Member of the Texas House of Representatives from the 22-6 district
- In office January 14, 1969 – January 12, 1971
- Preceded by: J. E. Johnson
- Succeeded by: Will Lee

Member of the Texas House of Representatives from the 22-5 district
- In office January 12, 1971 – January 9, 1973
- Preceded by: Bill Archer
- Succeeded by: District eliminated

Personal details
- Born: James Bradshaw Earthman III September 21, 1934 Houston, Texas, U.S.
- Died: November 28, 2024 (aged 90) Galveston, Texas, U.S.
- Party: Republican
- Alma mater: University of Texas at Austin South Texas College of Law Houston

= Jim Earthman =

American politician (1934–2024)

James Bradshaw Earthman III (September 21, 1934 – November 28, 2024) was an American politician.

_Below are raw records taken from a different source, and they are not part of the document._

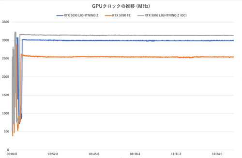 次はGPUクロック。RTX 5090 FEのクロックは2.6GHz弱の辺りで安定する一方、RTX 5090 LIGHTNING Zは3GHz近辺で安定。さらにEXTREMEモード+OC設定では3,140〜3,150MHz、前述の設定値どおりにクロックが伸びており、さらにそれが安定している点に注目したい。前掲の温度推移ではOC設定時でもGPU温度は60〜65℃であることを考えると、RTX 5090 LIGHTNING Zのオーバークロックのしやすさが分かるというものだ。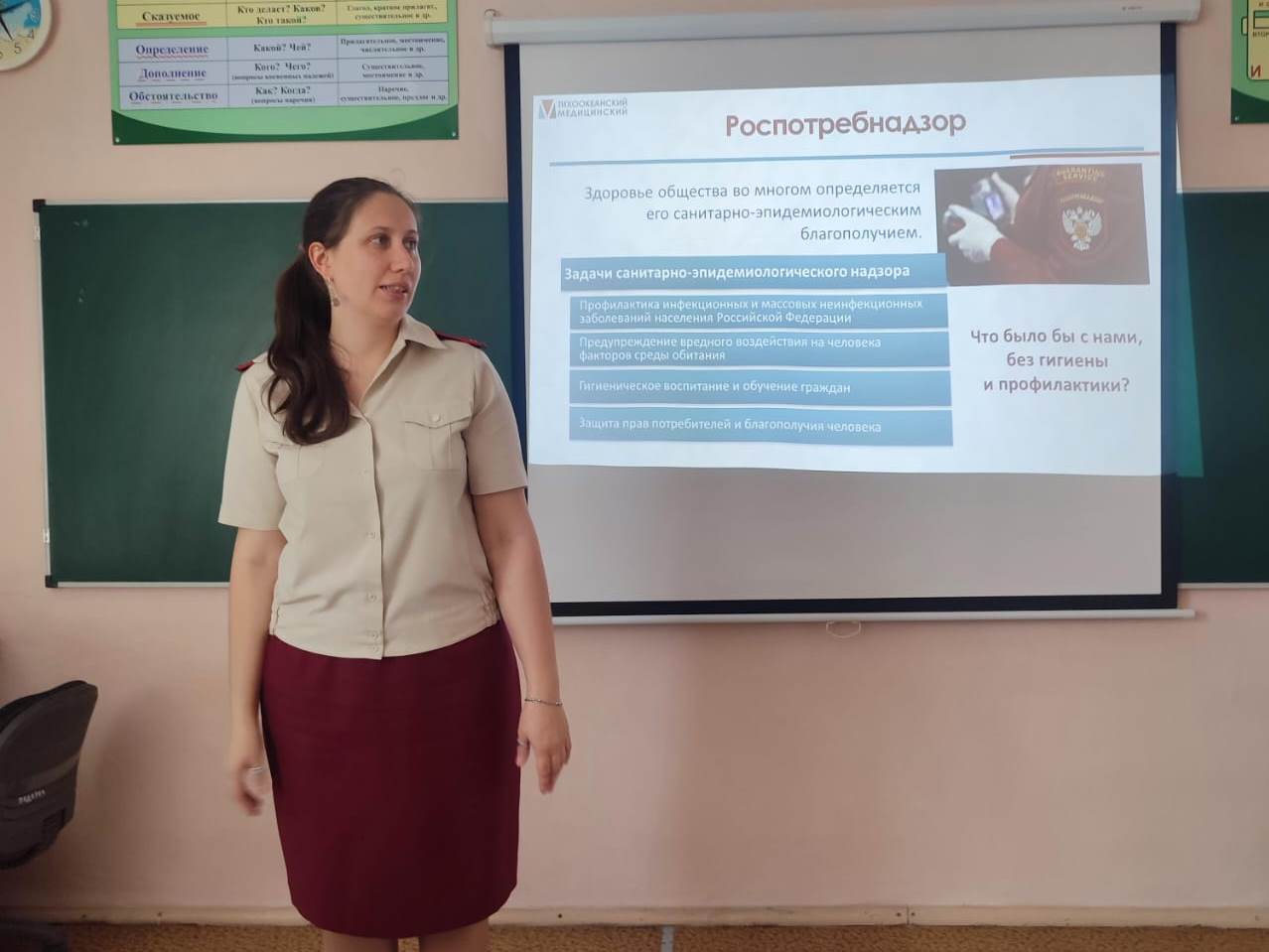 Старшеклассникам рассказали о медицинском университете нашего края - ФГБОУ ВО ТГМУ Минздрава России, презентовали фильм, созданный студентами, специальности «медико-профилактическое дело» Тихоокеанского государственного медицинского университета. Поговорили о рабочих буднях врачей эпидемиологов и гигиенистов, профессиональная деятельность которых сконцентрирована на охране здоровья людей, обеспечении их благополучия и безопасности. В беседе было обращено внимание на преимущества учебы в ВУЗах по целевому направлению.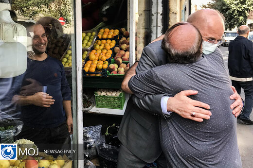 تصلویری از حضور رئیس مجلس در محله «دردار» تهران و گفت و گوی وی با کسبه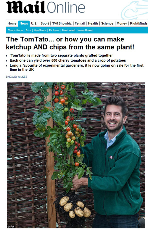 고난도의 접목기술을 이용해 만든 이 나무는 '톰테이토'라 불리며, 500개의 토마토 뿐만 아니라 감자까지 동시에 열린 것으로 알려졌다.
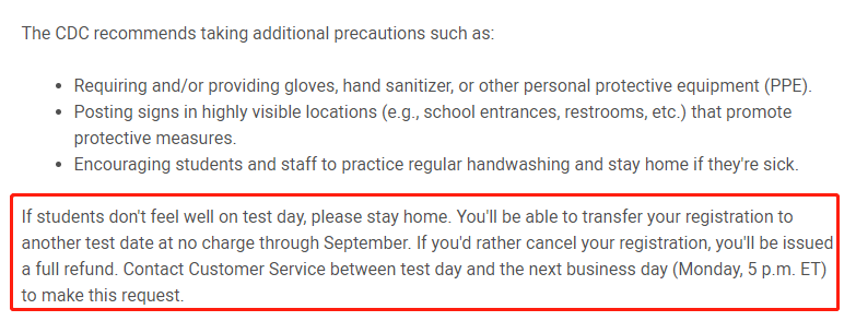 “如果学生在考试当天感觉不适,请在家休息。同时,在9月内,转考任何一场SAT考试均不会收取转考费。如果考生确实需要取消已注册的考试,请在考试后的第一个工作日拨打客服热线进行申请,申请成功后考试费将全额退回。”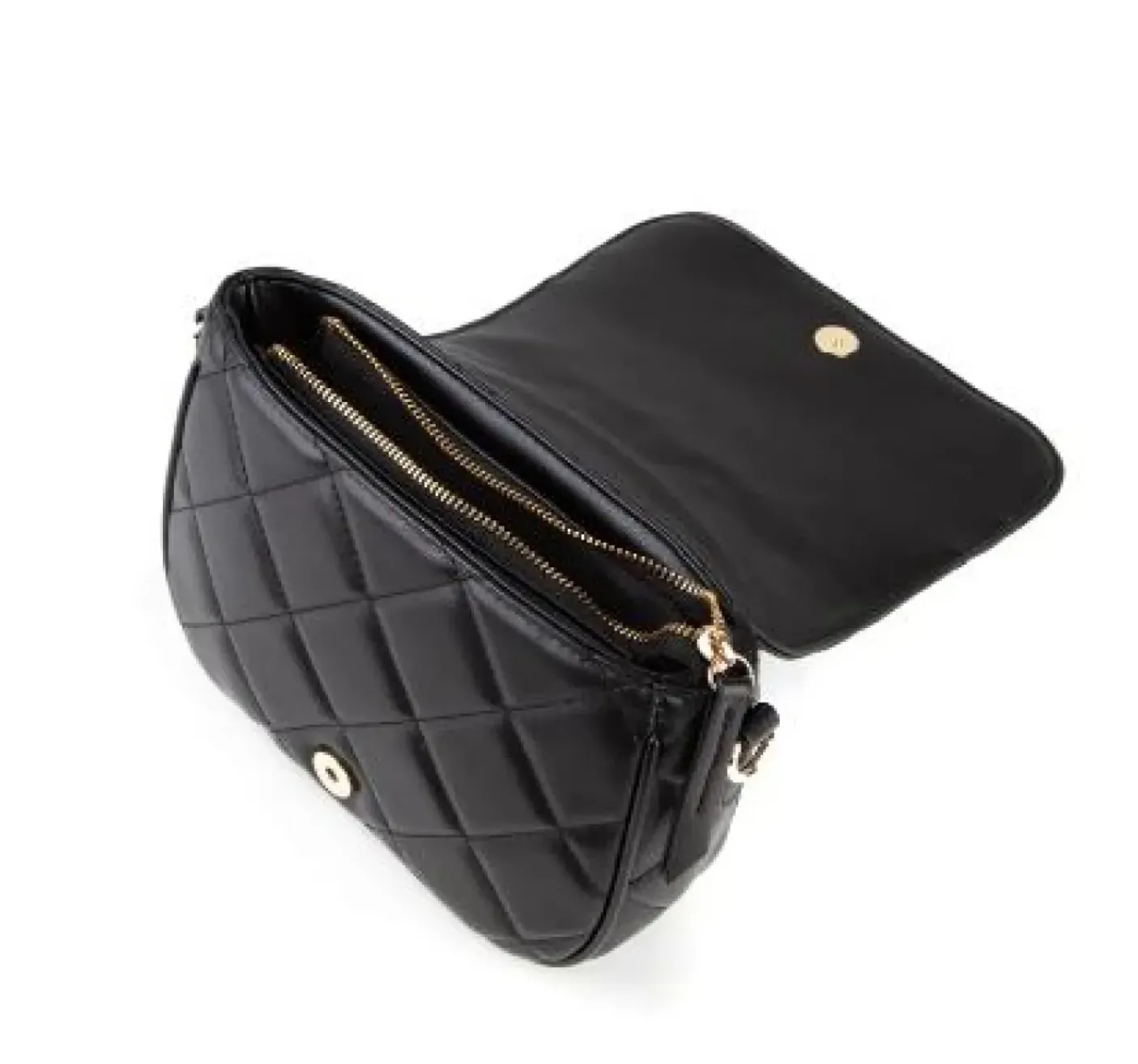 Tracolle in ecopelle effetto matelassè, Rivestita internamente in tessuto logato. Tasca interna zip. Chiusura con zip e patta clip. Logo su patta maxi lettering. Tracolla ecopelle regolabile.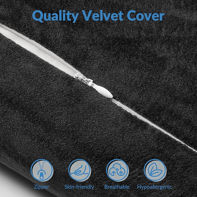 AM AEROMAX 32" King Size Contour Memory Foam Pillow, Neck Pillow for Neck Pain Relief, Neck Orthopedic Sleeping Pillows for Side, Back and Stomach Sleepers(Black,Velvet)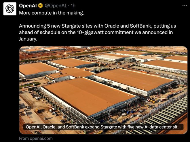 去年9月,OpenAI公布了五个新站点,要在未来三年,实现7GW算力规模。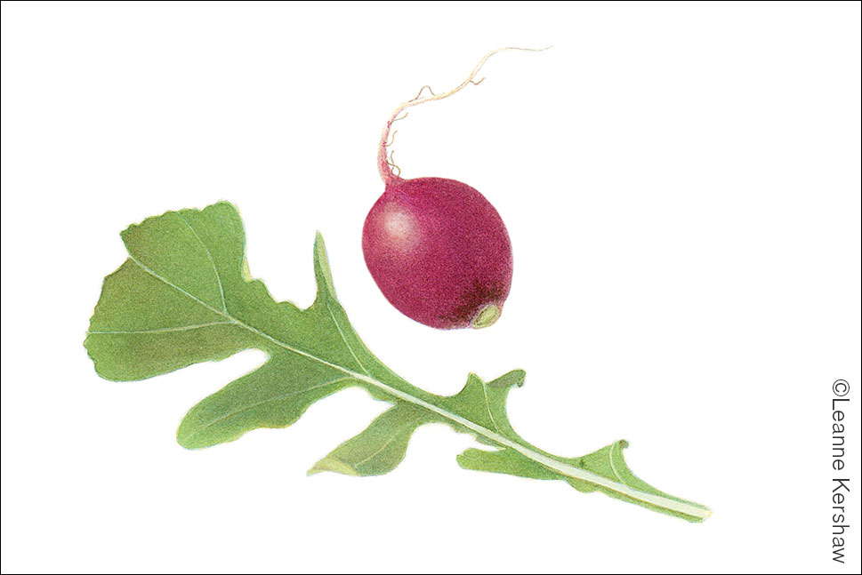 Learn the basic watercolor techniques used by botanical artists while painting radishes with leaves from a provided photograph. Flat wash, layering and dry brush techniques will be covered. This class will offer demonstrations and individual feedback from the instructor in an enjoyable and supportive atmosphere.
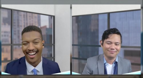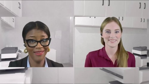 Director Heather Arnson’s realization is characterized by visual élan. The presentation opens with lovely establishing images of the building’s exterior and overhead views of the empty workspace, then switches to the Zoom format of small square blocks. The backgrounds of the actors are realistic and artfully blend to simulate the semblance of them being together even in a scene taking place at a copier. Ms. Arnson’s crisp video staging adds as much momentum to the material as possible.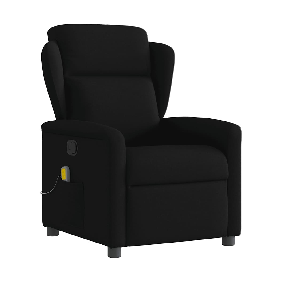 ¡Siéntate y descansa en este comodísimo sillón reclinable de masaje! Función de reclinado manual: Este sillón reclinable tiene un mango en el lado derecho. Con sólo tirar de él, puedes ajustar manualmente el reposapiés y el respaldo a cualquier posición que te resulte cómoda. Esta función permite una inclinación máxima de 135 grados. Además, el respaldo vuelve rápidamente a su posición original con solo tirar del mango.Función de masaje: Los 6 puntos de masaje te permiten experimentar un masaje mejor dirigido. Además, el mando incluido te permite elegir diferentes programas de masaje. La función de masaje funciona con el conector USB, pero no se incluye la fuente de alimentación USB de 5 V certificada.Cómodo asiento: El mullido asiento , el respaldo y los amplios reposabrazos cubiertos de tela proporcionan una sensación cómoda y acogedora, para que estés de maravilla mientras estás sentado. La tela posee un aspecto sencillo y limpio, y es transpirable y duradera.Práctico bolsillo lateral: Este sillón cuenta con un bolsillo lateral para guardar el mando a distancia o mantener tus cosas al alcance de la mano.Estructura maciza y estable: La estructura, hecha de madera y metal, proporciona una estructura y una estabilidad fuertes. Este sillón reclinables es cómodo y duradero.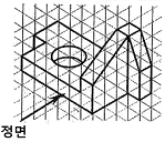 입체도에서 정투상도의 정면으로 옳은 것은?
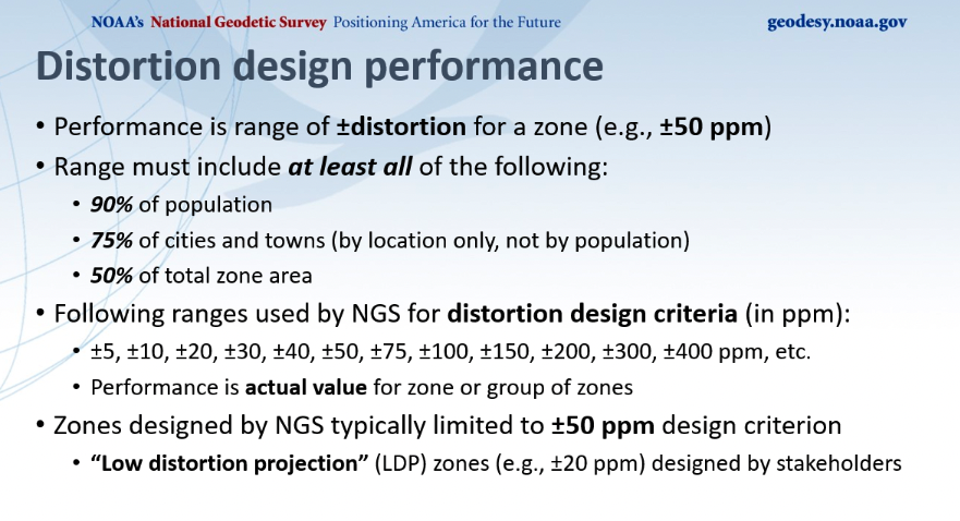 Dennis described NGS’s distortion design performance as seen in the image below. He explained that the performance is a range of +/- distortion for a zone, such as +/-50 ppm. The analysis involved determining parameters where the range includes 90% of the population, 75% of the cities and towns, and 50% of the total area. He highlighted those zones designed by NGS that where typically limited to +/- 50 ppm design criteria, but many low distortion projections (LDP) zones designed by stakeholders consisted of +/- 20 ppm design criteria.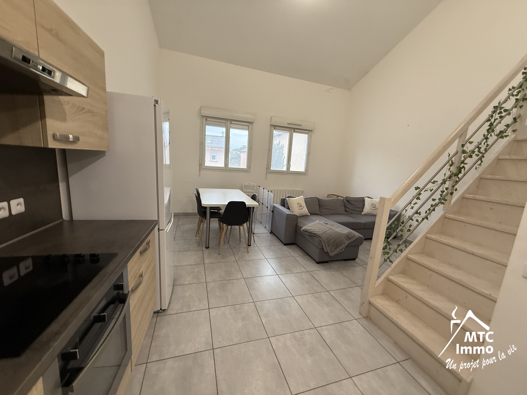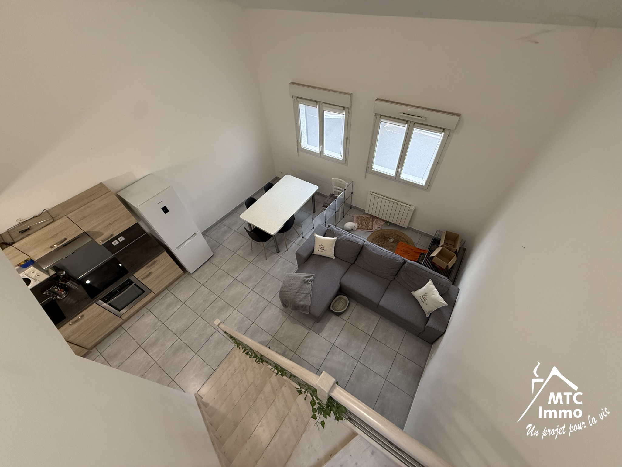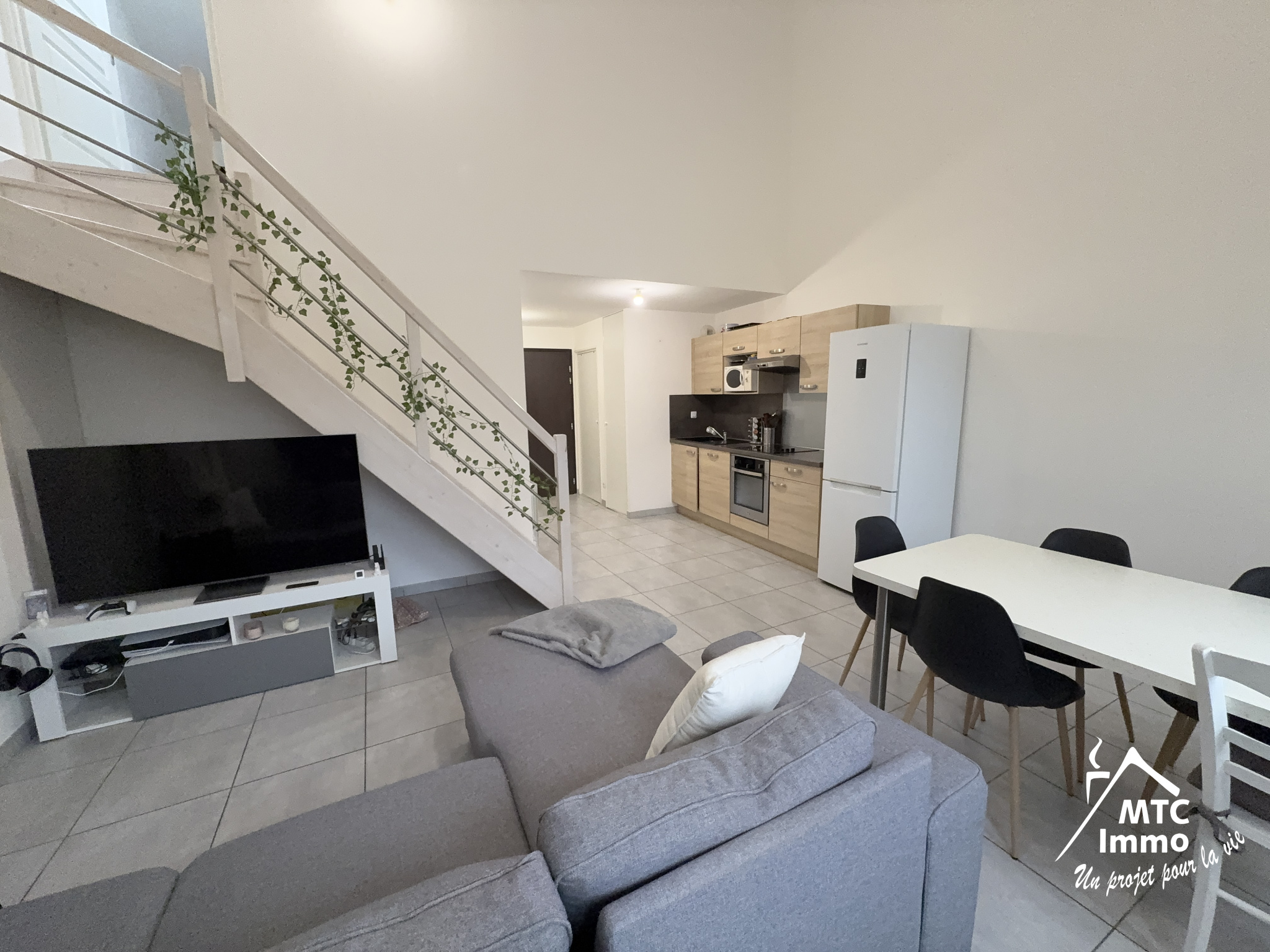 L'appartement se compose d'une entrée avec placard mural qui dessert une belle pièce de vie lumineuse avec cuisine ouverte, sublimée par une belle hauteur sous plafond qui apporte volume et caractère. À ce niveau, vous trouverez également une chambre, une salle d'eau et un WC indépendant. À l'étage, le duplex dispose d'une seconde chambre, idéale pour un espace nuit, bureau ou chambre d'enfant.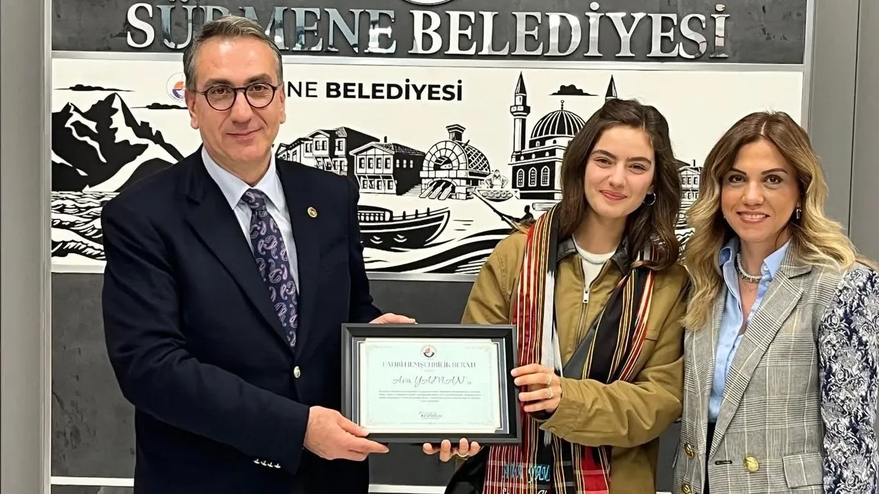 “Şehrimizin ve ilçemizin tanıtımına katkı sağlayan ve artık Sürmene’mizin de evladı olan Ava Yaman’a Fahri Hemşehrilik Beratı ve plaket takdim ettik. Nazik ziyaretleri için kendilerine teşekkür ediyoruz.”

A member of the Republican Party, he served in the Texas House of Representatives from 1969 to 1973.

== Life and career ==
Earthman was born in Houston, Texas, the son of James Bradshaw Earthman II and Blanche Oneita Bastien. He attended the University of Texas at Austin, earning his BBA degree in banking and finance. He then attended South Texas College of Law Houston, earning his Juris Doctor degree.

Earthman served in the Texas House of Representatives from 1969 to 1973.

== Death ==
Earthman died on November 28, 2024 in Galveston, Texas, at the age of 90.